The ground-breaking in Murree were also attended by observers from China and United States. The parties agreed to meet again after Ramadan, probably within a week, either in Pakistan or China.
Wishing anonymity, the official said Saudi authorities had invited the two-member delegation soon after the Murree talks to the oil-rich kingdom, where detailed discussions regarding the peace process were held.
Meanwhile, a source close to the Taliban delegation said Pakistani officials, who briefed the Saudi authorities on the Murree sitting, had facilitated the latest round of furtive negotiations.
Taliban’s former deputy foreign minister Mullah Abdul Jalil and former ex-governor of Kandahar Mullah Mohammad Hassan Rahmani met Saudi officials at Pakistan’s request. Some Pakistani officials also visited Riyadh to join the meeting.

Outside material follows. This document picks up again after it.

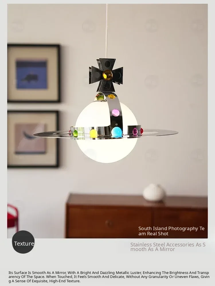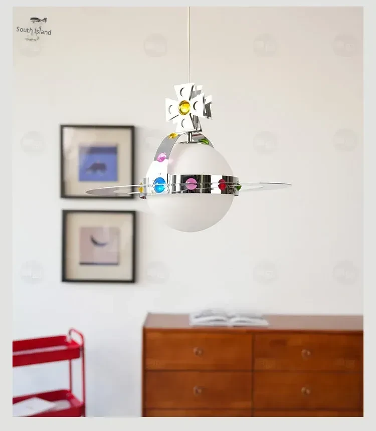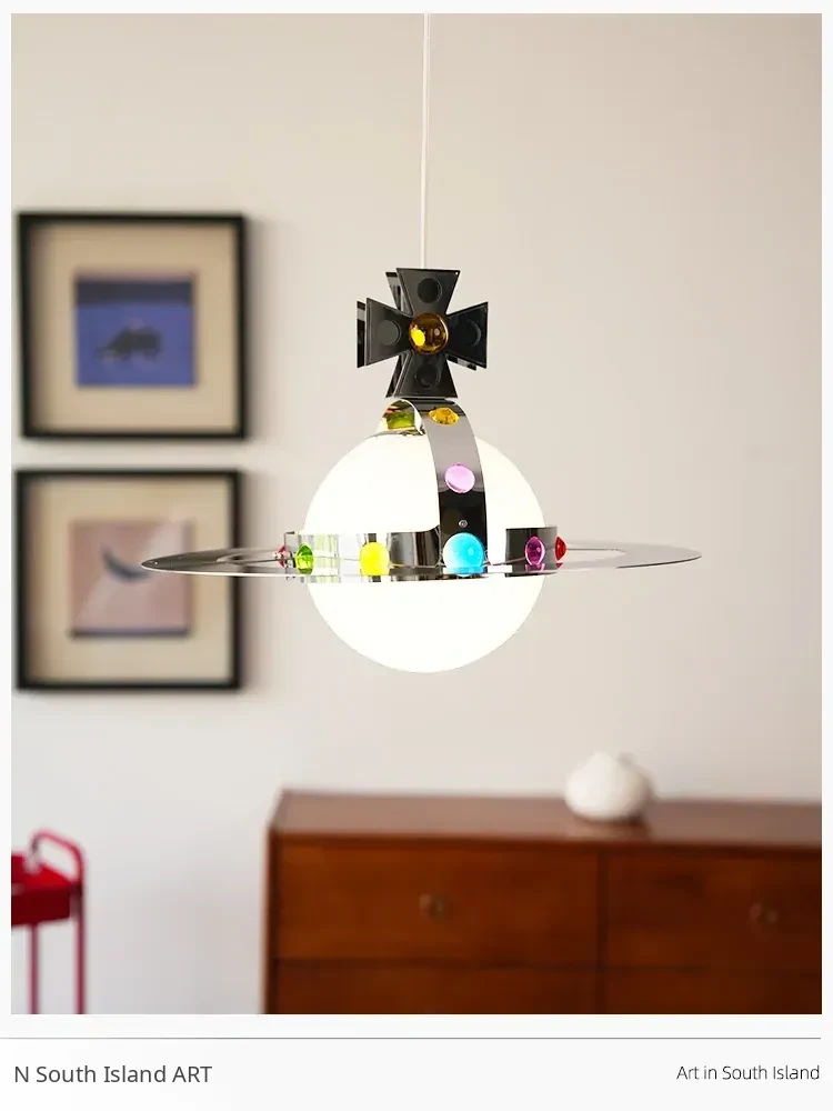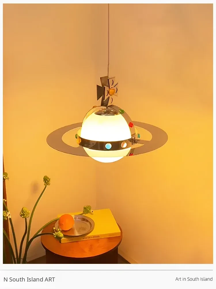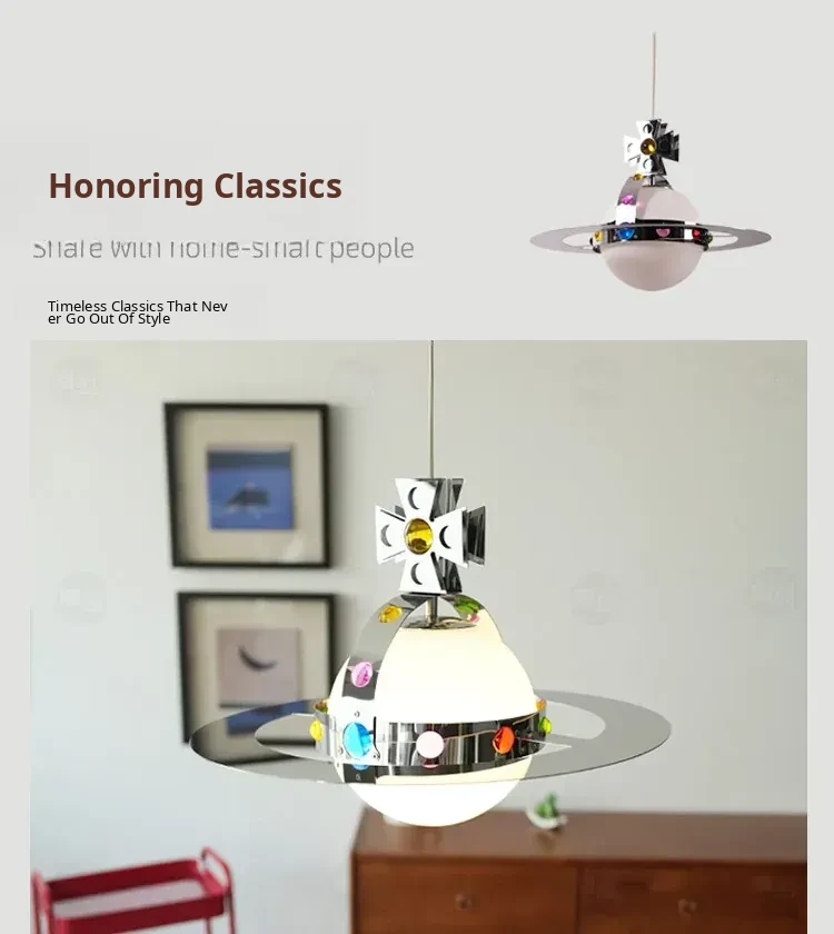 Vintage Saturn Chandelier - Memphis UFO Dining Light, Bauhaus Style Planet Pendant for Kids' Room & Bedroom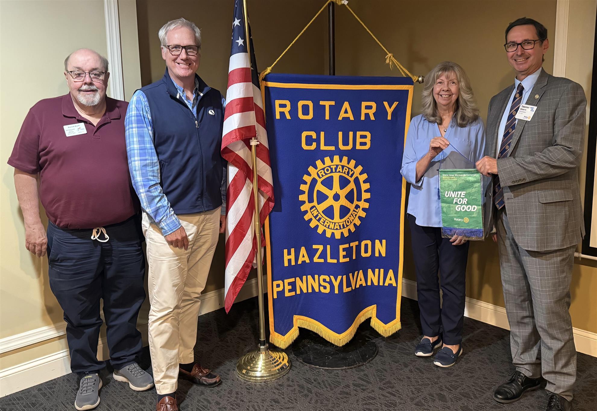 District 7410 Banner ExchangeRotary District 7410 held its annual banner exchange. Incoming District Governor Tim Genetti of our Hazleton club was inducted into the Ballard Society, which was started by Hazleton Rotarians Jim and Nancy Ballard for clean water projects. Past President Gordon Bigelow donated $1000 on behalf of Tim for his induction into the Society. Tim was then inducted as District Governor for the upcoming 2025-2026 year. Area Assistant Governors, including Hazleton Rotarian Pat Ward as well as soon-to-be DGE Andy Lane Chapman and DGN Rob Oldroyd were sworn in for their respective roles. Congrats to Tim and the entire Leadership Team! ![]() ![]() ![]() |

The delegation held thoroughgoing discussions with top Saudi and Afghan officials, including Haji Din Mohammad, on the agenda of the dialogue.

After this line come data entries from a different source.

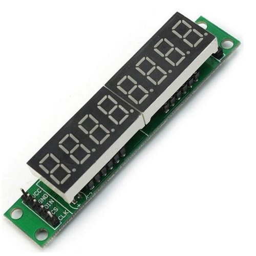 Модуль семи сегментных светодиодных индикаторов на 8 знакомест с точками. Модуль построен на базе микросхемы MAX7219 (драйвер 8-ми разрядного светодиодного индикатора с последовательным интерфейсом).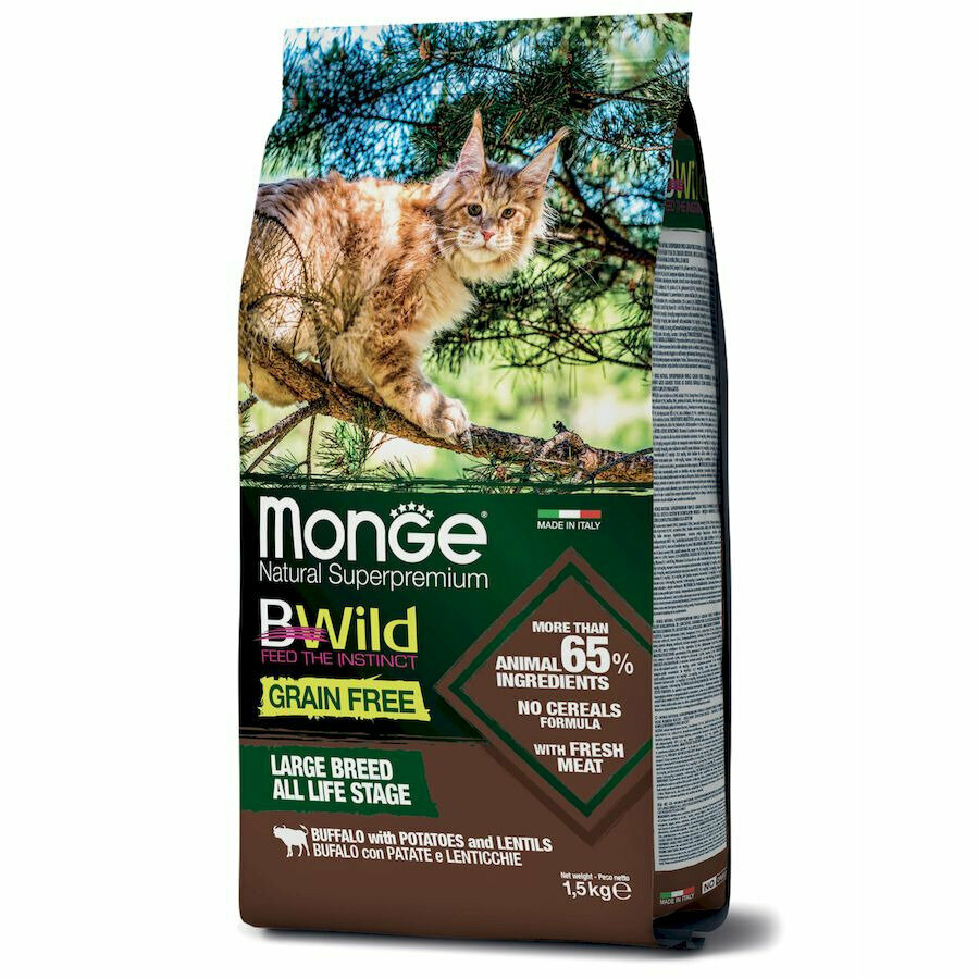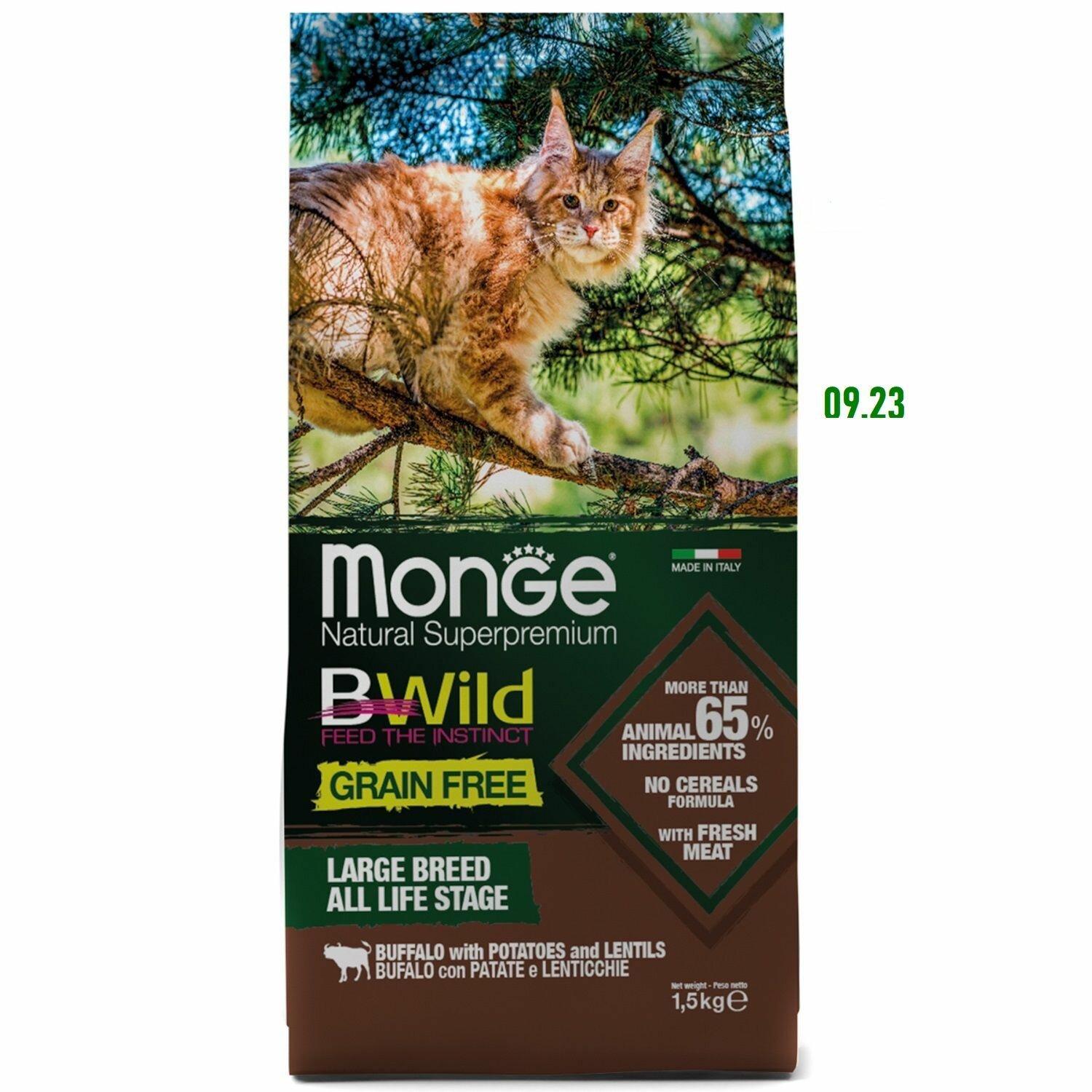 Monge Cat BWild Grain Free Сухой беззерновой корм для крупных кошек, мясо Буйвола 1,5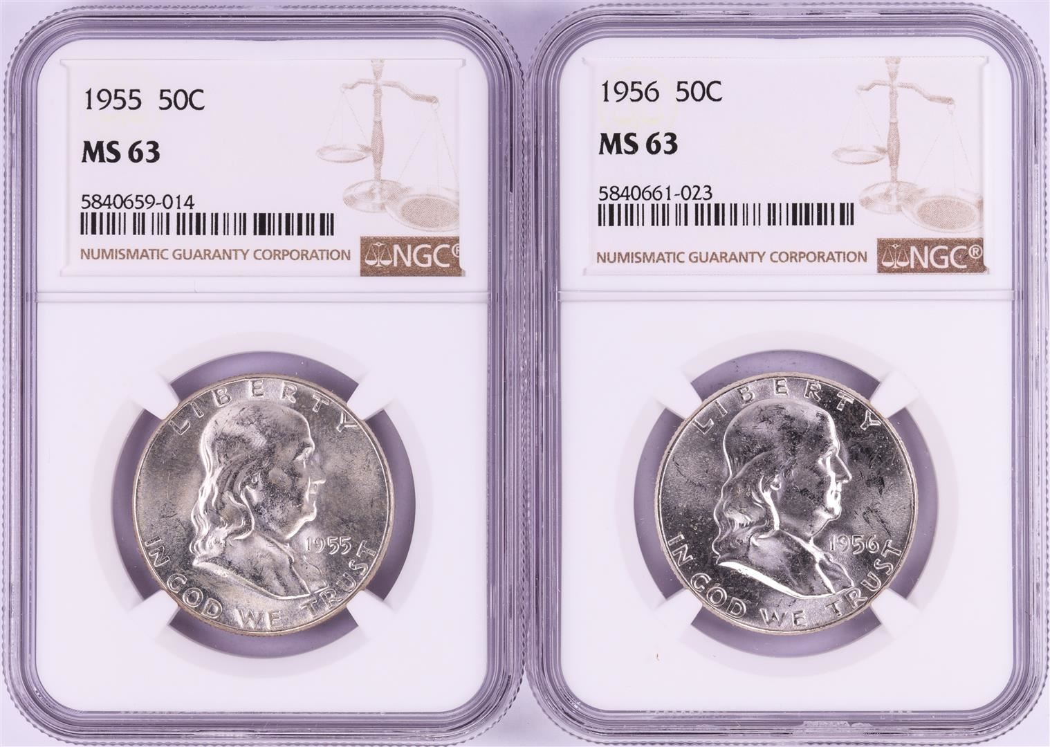 One Lot of 1955-1956 Franklin Half Dollar Coins NGC MS63. NGC Certified.

One Afghan official confirmed Haji Din Mohammad’s visit to Saudi Arabia and his meeting with the Taliban delegation and representatives from their Qatar bureau. However, he refused to give further details of the meeting. Taliban representatives from the Qatar office might participate in the second round of discussions, he hoped.
The venue of the second round of discussion has not been finalised yet, but China or Pakistan may host the dialogue. A source in the High Peace Council (HPC) earlier indicated the talks might take place in China.
On the other hand, the Pakistani media reported last week that Islamabad would host the second round of dialogue, where a number of confidence-building measures, including a ceasefire, are to be discussed.
Maulvi Shahzada Shahid, HPC spokesman, said the two parties had agreed in Murree to meet again on July 29. Release of prisoners, coordination, government system, amendments in the basic law and removing the names of Taliban leaders from the blacklist will be on the agenda.
Mullah Mohammad Omer, Taliban’s supreme leader, supported the peace talks during his Eid message. President Mohammad Ashraf Ghani, who has evinced a willingness to consider Taliban’s demands, has welcomed Omar’s message.